Sekiguchi’s poetry, in its structure and form, breaks from Japanese tradition. Her poems are striking in their composition, because Sekiguchi rejects established formats and textual dispositions, as well as creating a visual, poetic space. Her first volume of poetry »Cassiopée Péca« (1993) was originally printed in A2-Format. The typographical composition, in the form of variedly arranged text blocks – or labyrinths of lines –, generates a wealth of meaning, which challenges the reader’s faculty of interpretation, and turns it into a fundamental element of the poetry. The synthesis of various symbols – an ubiquitous theme in Sekiguchi’s work – also contributes to this effect. In this way, elements of different languages are found fused together within the same sentence, and that which is written is sometimes accompanied by a graphical pattern – as in »Calques« (Engl: Tracing Paper) for example, a poetry collection from 2001. This volume is composed of texts from her Japanese works »(com)position« (1996) and »Hakkouseï Diapositive« (2000; Engl: Illuminating Slides), which Sekiguchi translated herself as she does with many of her own poems. Some of these appeared in literary publications such as »Action Poétique«, »Dédales«, and »Po&sie«. Sekiguchi has also translated the works of Gôzô Yoshimasu, Yoko Tawada and French authors including Pierre Alferi, Anne Portugal, and Atiq Rahimi.

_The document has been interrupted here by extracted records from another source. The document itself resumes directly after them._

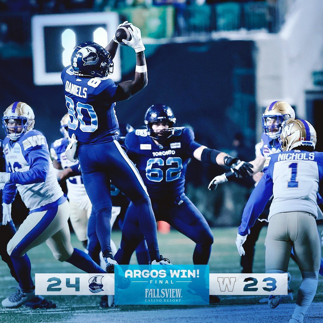 Thank you to the Winnipeg Blue Bombers and the Toronto Argonauts for an exciting game. Congratulations to the Grey Cup Champions, the Toronto Argonauts.
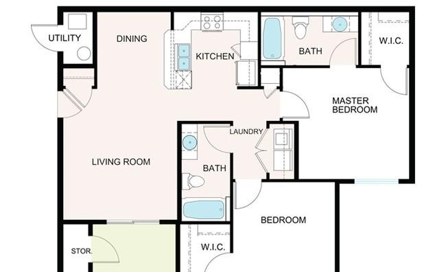 2 beds, 2 baths, 752 sqft
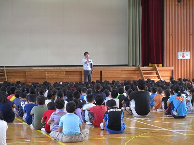 そして、「いじめはどんな理由があっても絶対に許されることではありません。清水小学校のみなさんを、いじめられる子、いじめる子、いじめを見て見ぬふりをする子にさせないために、先生たちも本気で取り組んでいきます。みなさんも、もてる力を全部使っていじめをなくしていきましょう」とお話をしました。
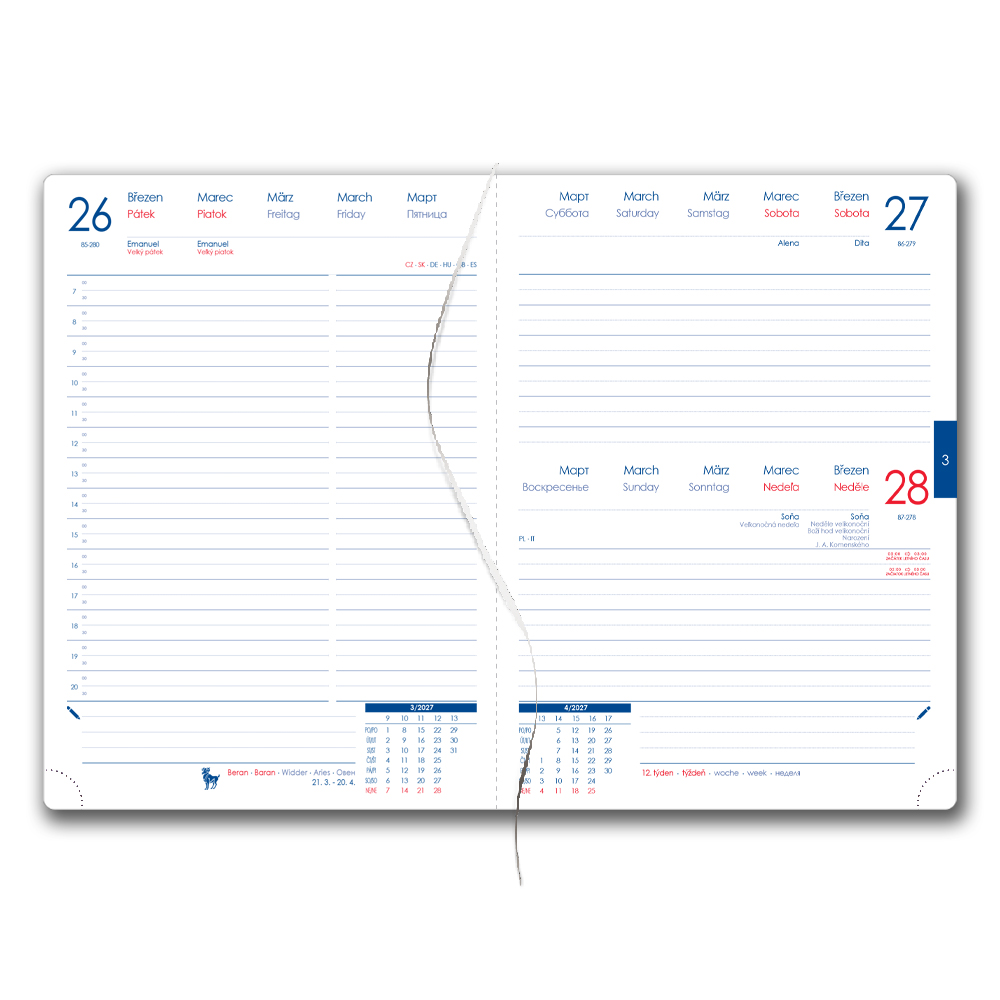 Diár obsahuje: okrúhle odtrhávcie rožky, bielu záložku a pero

Sekiguchi has received numerous grants from the Japanese Foundation for Writing Arts and the Centre National du Livre, amongst others. Her poems have been translated into English, Korean, Swedish, and Arabic. The Pompidou Centre in Paris and the Maison des Ecrivains, the New York Library and the San Francisco City University are all institutions where Sekiguchi has been invited to give readings. She has participated with writing contributions in exhibitions of contemporary art, of which the last – »Le monde est rond« (2004; Engl: The World is Round) – is documented in book-form. In 2007 her volume of poetry, »Adagio ma non troppo« was published. Sekiguchi lives in Paris.